Volunteer Sara Öhman echoes this sentiment.

“[The refugees] say [Pink Station is] the best day of the week for them,” she said. “They say, “I feel human when I'm here.' ”

The success of Pink Station has inspired broader initiatives. This June, Refugees Welcome Stockholm began hosting Open Cinema nights, screenings of culturally significant Middle Eastern and Swedish films chosen to engage discussion.

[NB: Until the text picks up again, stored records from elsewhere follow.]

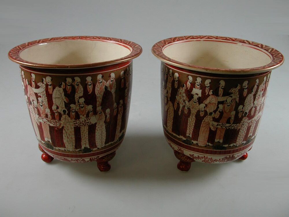 Deze twee Chinese bloempotten komen uit het bezit van de Amsterdamse architect Abraham Salm (1857-1915). Samen met zijn vader Gerlof Bartholomeus Salm (1831-1897) heeft Abraham een grote bijdrage geleverd aan de stedenbouwkundige veranderingen in Amsterdam in de tweede helft van de negentiende eeuw. Waar G.B. Salms naam onlosmakelijk verbonden is met de bouw van Artis in de Plantage, staat zoon Abraham vooral bekend om zijn herenhuizen, stadsvilla’s, (sigaren)fabrieken en paardentramremises, aanvankelijk in classicistische, later in meer historiserende eclectische stijl. Daarnaast ontwierp hij ook interieuronderdelen. Deze bloempotten zijn afkomstig uit het door A. Salm ontworpen huis aan de Weesperzijde 26, waar hij zelf woonde en werkte. ( Sarah Remmerts de Vries)
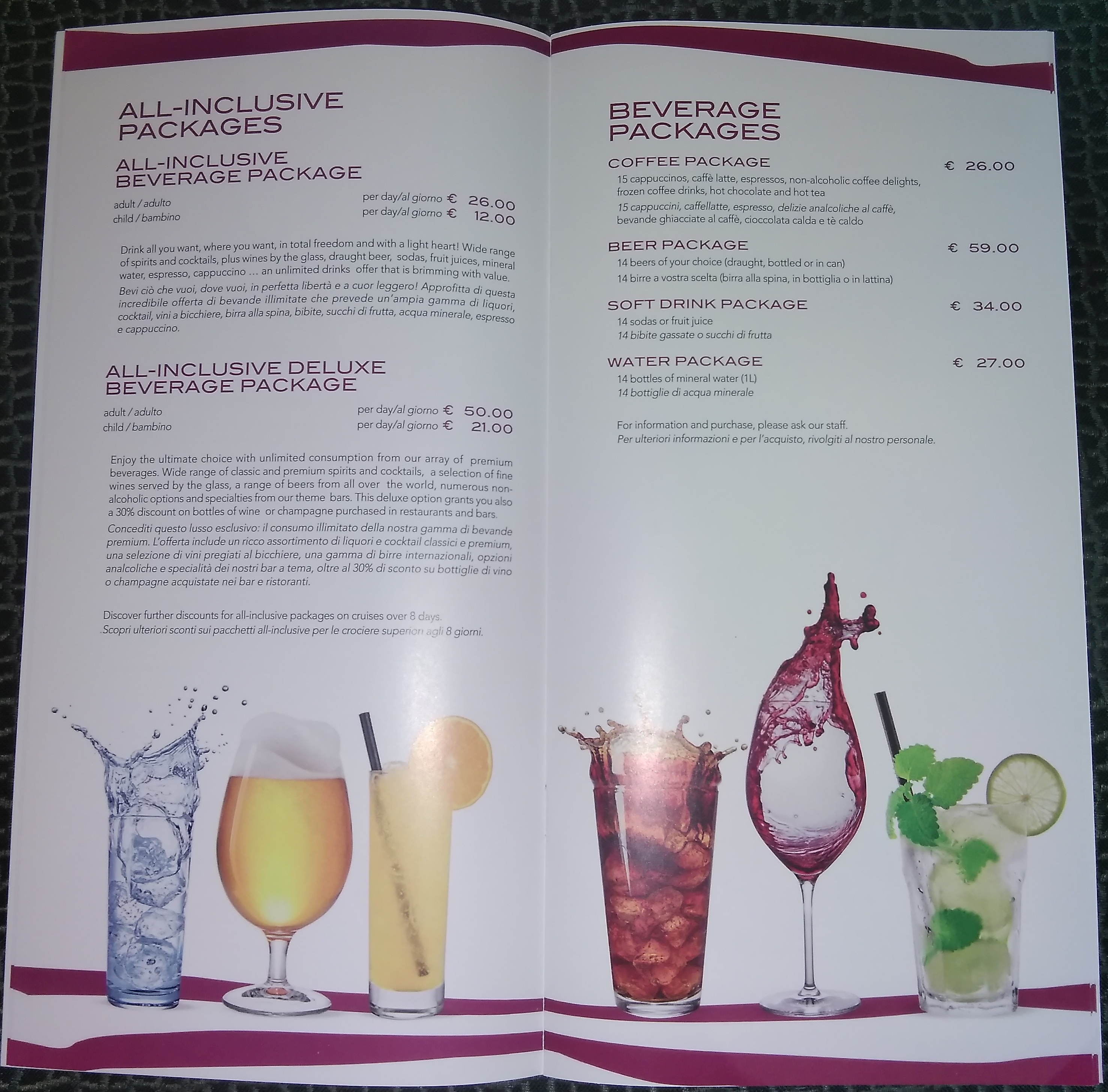 Seit dem 23.04.2017 gibt es auf der MSC Splendida eine neue Getränkekarte in den Bars. Die Preise wurden in dem Zuge teilweise leicht erhöht. Bei den Kids Cocktails wurde der "Alice in Wonderland" aus der Karte gestrichen. Bestellen konnte man ihn am 23.04. an der Bar (zum alten Preis von 4,20 Euro) aber noch. Wie lange das noch möglich ist kann ich nicht sagen. Es kann sein, dass auch noch mehr Getränke gestrichen wurden oder neue dazu gekommen sind. Da ich die alte Karte nicht habe, kann ich dazu aber leider nichts sagen.
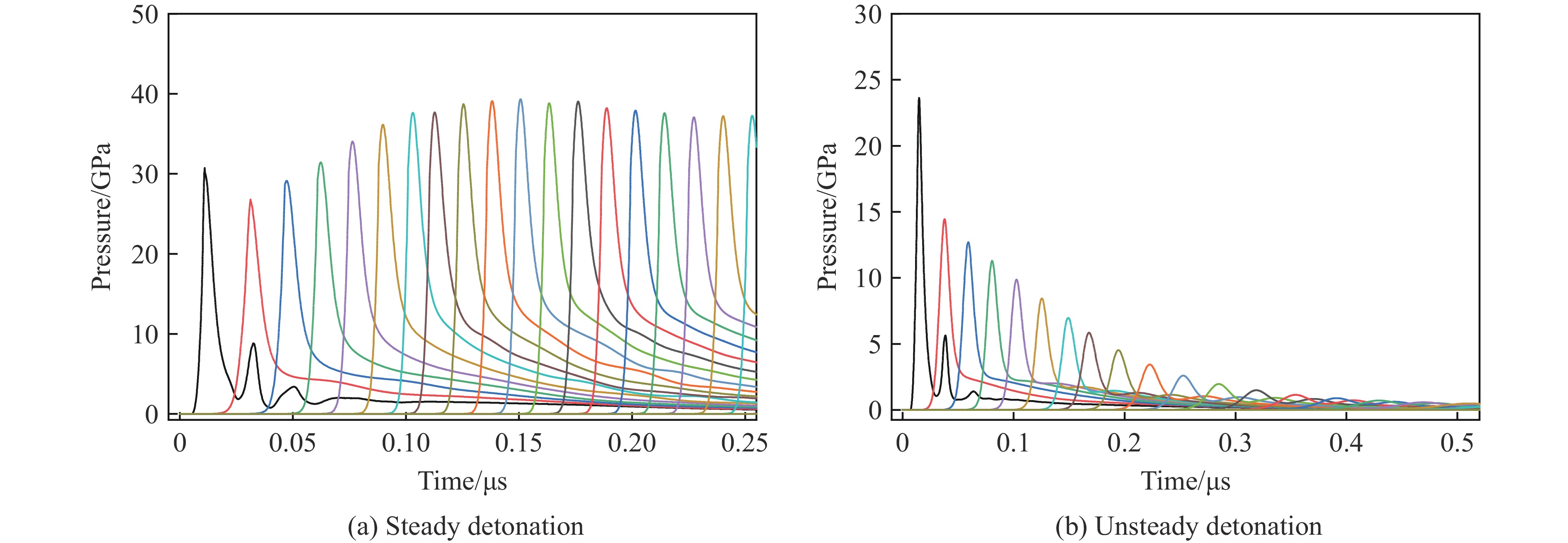 为探究裂纹及其间隙对2,4-二硝基苯甲醚(DNAN)基含铝炸药机械热点形成后反应传播特性的影响规律,制备了含不同初始裂纹的炸药药柱,采用基于发射药燃烧加载方式的炸药点火试验装置,模拟了炸药的反应传播过程,获取了加载过程和炸药反应过程的压力变化曲线以及试验后的炸药形貌特征,结合数值仿真,分析了不同预制裂纹的炸药药柱在相同药量发射药燃烧加载下的应力场分布特征。结果表明:无裂纹或无间隙“一”字裂纹工况下,药柱残骸完整,加载压力峰后迅速下降,未发生反应,热点区域位于底部;含1 mm间隙裂纹工况下,药柱发生断裂并出现局部低速反应,压力衰减过程缓慢。其中“一”字裂纹的热点区域转移至侧表面,而“十”字裂纹形成侧表面与底部的双重热点区域,反应程度进一步提升。这表明预制裂纹通过改变应力分布和扩展热点区域,进而显著影响炸药的反应进程。
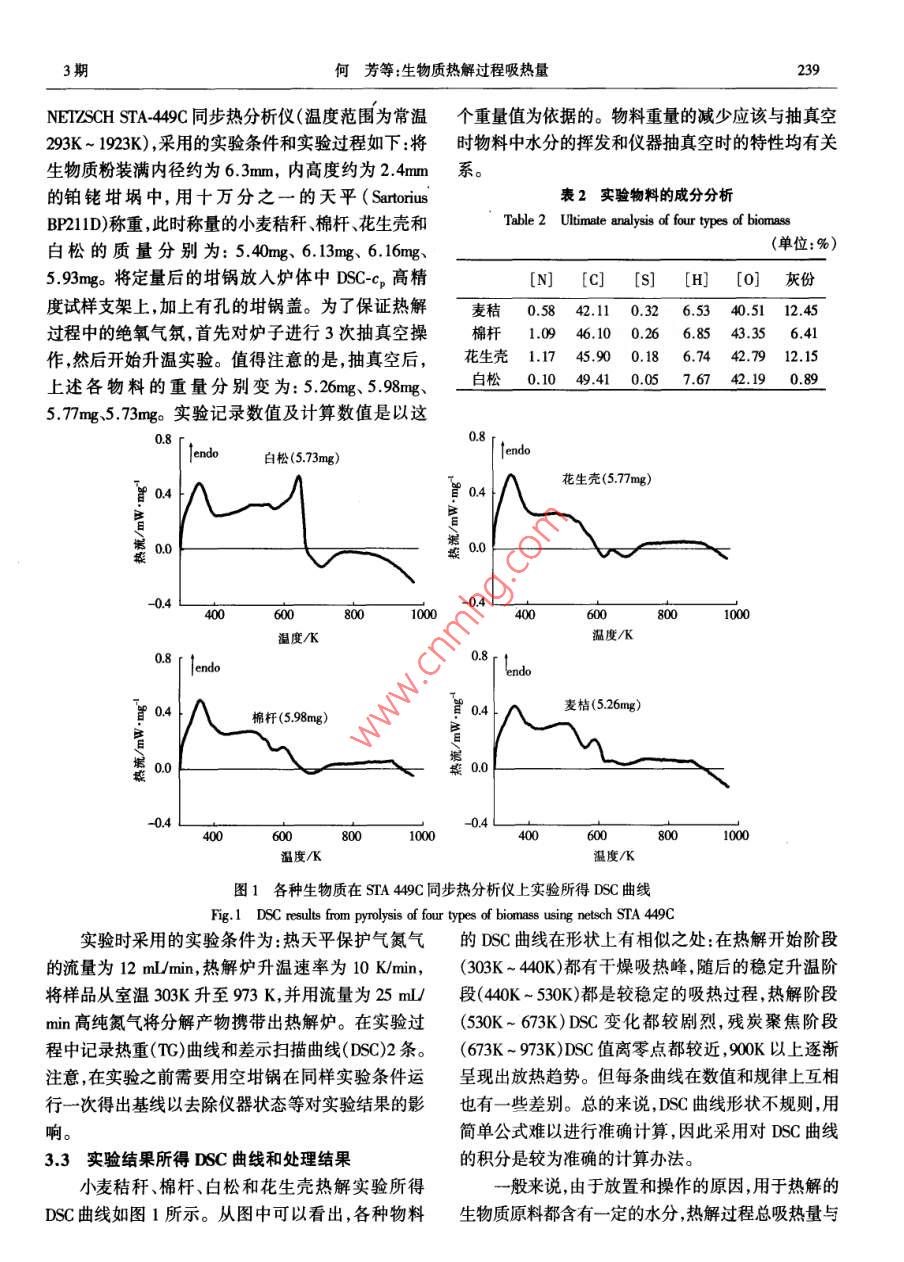 第27卷第3期太陽能學(xué)報Vol 27, No. 32006年3月ACTA ENERGLAE SOLARIS SINICAMar,,2006文章編號:0540096(2006)030237-05生物質(zhì)熱解過程吸熱量何芳,徐梁2,柏雪源!,蔡均猛3,易維明(1.山東理工大學(xué)淄博255049;2.德國耐弛儀器制造公司上海應(yīng)用實驗室,上海20003.上海理工大學(xué),上海20003)摘要:對生物質(zhì)熱解過程吸熱量(生物質(zhì)升溫所吸熱量和生物質(zhì)熱解所吸熱量的和)的研究現(xiàn)狀進行了總結(jié)分析認為目前采用的分別選取生物質(zhì)熱容c和熱解反應(yīng)熱Q,用公式來計算熱解過程吸熱量的方法很難得出準確的結(jié)果。通過對同步熱分析儀(STA)的分析和對差熱曲線(DC)的研究將c和Q,綜合考慮對實驗所得DSC曲線進行處理和積分得出熱解過程吸熱量的規(guī)律。在 Netsch STA49C上對小麥秸稈、棉桿、花生殼和白松進行了實驗研究和分析。結(jié)果表明將1kg上述干生物質(zhì)從初始室溫30K升到主要熱解反應(yīng)完成的溫度673K所需提供的熱量分別為523k、459kJ385k、646kJ,為生物質(zhì)熱解工藝的能量平衡分析和經(jīng)濟性分析提供了參考關(guān)鍵詞:生物質(zhì);熱解;吸熱量;分析;實驗中圖分類號:TK文獻標(biāo)識碼:A0引言的快速熱解計算時使用的熱容參數(shù)是2300kJ/(kgK); Janse等2(200對木材顆粒的快速熱解計算時生物質(zhì)熱解過程吸熱量是指在生物質(zhì)熱解(隔也采用參數(shù)值2300J(kgK)。Jmn等(19)對絕氧氣)過程中提供生物質(zhì)升溫和熱解所需熱量的柱狀小顆粒物熱解過程分析采用的熱容值是1+總和,是生物質(zhì)熱解過程中必須提供的最小熱量。4.85(7-273);而Sham等1(198)對環(huán)形翅片式這個熱量的確定對生物質(zhì)熱解裝備的設(shè)計計算、生生物質(zhì)熱解裝置中稻殼熱解實驗分析計算時采用的物質(zhì)熱解工藝的能量平衡分析和經(jīng)濟性分析都具有是12(kgK),Liso等(199對片狀柱狀非常重要的意義和球狀生物質(zhì)熱解過程分析時采用的數(shù)據(jù)是1國內(nèi)外研究現(xiàn)狀分析1670kJ/(kg…K)對熱解反應(yīng)的熱效應(yīng)來說,一直沒有較為一致由于生物質(zhì)成分熱解過程(狀態(tài)、成分不斷變的定量或定性的結(jié)論。 Raveendran等(196)認為化)的復(fù)雜性以及現(xiàn)有生物質(zhì)熱物性參數(shù)的缺乏和生物質(zhì)的焓和熱解反應(yīng)后的各產(chǎn)物焓的和相等。難以測定等因素生物質(zhì)熱解過程吸熱量的準確確 Diebold等(1982)假設(shè)熱解1g生物質(zhì)需要能量定一直是個難題。目前大多采用假設(shè)生物質(zhì)熱容恒200包括生物質(zhì)升溫至熱解溫度過程熱解反應(yīng)定和熱解反應(yīng)熱效應(yīng)是定值的方法來計算”,即過程和熱解產(chǎn)物蒸發(fā))。Momi等”(99)指出,在Q=c2△7+Q。其中,Q—熱解過程吸熱量,kJ/生物質(zhì)熱解液化設(shè)備中,生產(chǎn)1kg生物原油(得率約kg;cp生物質(zhì)熱容kJ/(kgK);T為樣品溫度,K;為喂料量的62%)需能量約為2.5M,這個能量包括Q,—熱解反應(yīng)熱效應(yīng),k/kg。在這個公式中要輻射損失和廢氣帶走的能量。顯然,這里提到的能確定生物質(zhì)的熱容和熱解反應(yīng)熱效應(yīng)。量不僅包括了反應(yīng)吸收或放出的能量,還涉及其它目前不同生物質(zhì)廢棄物熱容方面數(shù)據(jù)還很缺多種能量損耗,從這些數(shù)據(jù)中很難判斷出熱解反應(yīng)乏,沒有全面可靠的數(shù)據(jù)。不同的研究者在計算時的熱效應(yīng)。采用的熱容值比較混亂,沒有明確的依據(jù)而且互相Liliedahl等在進行熱解反應(yīng)理論分析時假設(shè)之間差異顯著。例如: Latour等(2001)對葡萄皮反應(yīng)熱為零。 Miller等(197)在對生物質(zhì)熱解模收稿日期:2004-1008基金項目:國家863高技術(shù)研究發(fā)展計劃(200A514030);山東省自然科學(xué)基金(20042X21)238太陽能學(xué)報27卷型進行研究時,采用三獨立平行反應(yīng)原理給出了每以將cp和Q綜合考慮,對DsC曲線處理和積分得步反應(yīng)的熱效應(yīng),如表1所示。Jawe等(199)出熱解過程吸熱量規(guī)律。介紹了 Milosavljevic等對熱解反應(yīng)熱效應(yīng)的總結(jié),指出不同作者給出纖維素?zé)峤獾臒嵝?yīng)值范圍在+2DSC曲線特性1700-2500J·g;他們在對生物質(zhì)快速熱解液化熱分析儀器中,能同時進行熱重和熱效應(yīng)分析過程進行模擬時,各反應(yīng)的熱效應(yīng)列于表1中。根的儀器主要有:熱重差熱分析儀(TG/DTA)和熱重差據(jù)Mler和 Janse的各自模型和反應(yīng)條件可以計算出示掃描熱分析儀( TG/DSC),但差熱分析(DTA)對熱生物質(zhì)熱解過程中總的熱效應(yīng),但是他們都做了一量定性定量結(jié)果的精度遠不如差示掃描分析,因此定的假設(shè),從數(shù)據(jù)來源和表1中數(shù)據(jù)本身可以看出,選用 TG-DSC同步熱分析儀進行實驗研究。由于該這些模型的準確性等都有待驗證,目前有效的驗證儀器能同時準確地監(jiān)測生物質(zhì)熱解過程失重的熱效方法尚未見報道。應(yīng)情況,因此可以對生物質(zhì)熱解進程和熱效應(yīng)規(guī)律表1 Miller、 Janse快速熱解反應(yīng)各步熱效應(yīng)進行對應(yīng)分析。明確了解失重各階段對應(yīng)的熱效應(yīng)Table 1 Reaction heat of each step in Miller and Janse models數(shù)據(jù),并利用這些實驗數(shù)據(jù)可以對應(yīng)計算達到不同反應(yīng)序號1(K1)2(K2)3(K)4(K)5熱解溫度狀態(tài)生物質(zhì)所吸熱量M
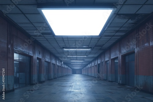 © NikahGeh, Obraz premium Long, Desolate, Tiled Corridor with Fluorescent Lights
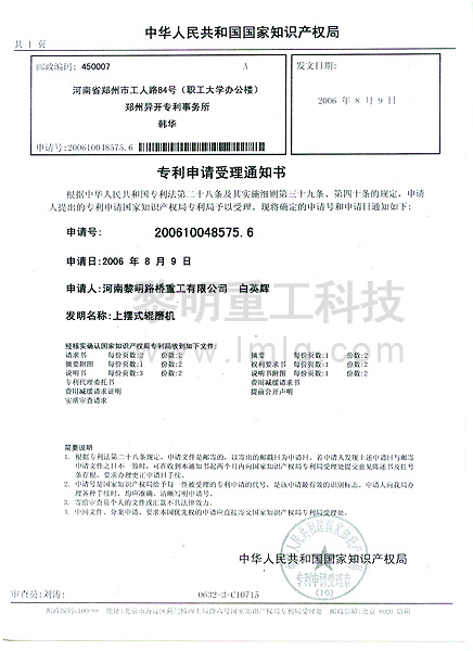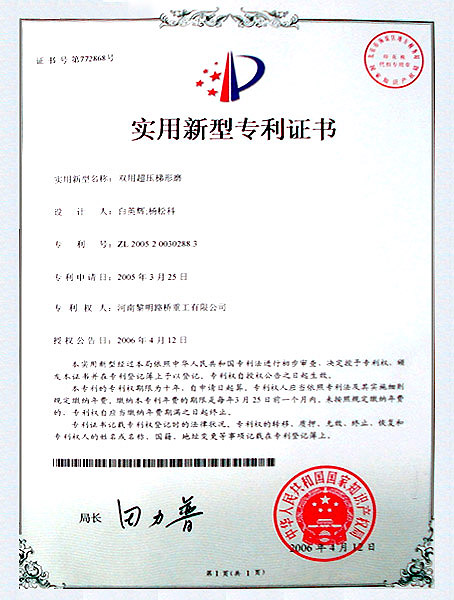 • 超壓梯形磨粉機專利號:ZL 200520030288.3 >>查看證書
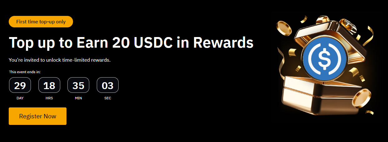 - Po úspešnej registrácii získa 20 USDC bonus, ktorý sa automaticky pripíše po prvom nákupe.

Additionally, in September the group organized a 50-person, weekend-long summer camp where refugees and Swedes could bond in a festive environment.

Given the controversial nature of Europe's refugee crisis, not all Swedes support the nation's historically refugee-friendly agenda.

When the municipality announced plans to buy a home for refugee youths near a community center where Refugees Welcome Stockholm hosts events, neighbors protested. In response, volunteers left invitations to the organization's events in area mailboxes.

“We were expecting a negative response [but] no—[no negative responses] came. We got positive mail,” Mohamed said. “Other neighbors said it’s really good you’ve been doing this.”

The outreach encouraged a handful of residents to attend events, confirming the group’s notion that all it takes is exposure to turn skeptics into supporters.

“I know it’s cliché, but it’s true,” Mohamed said. “Give people a chance. Hear their stories.”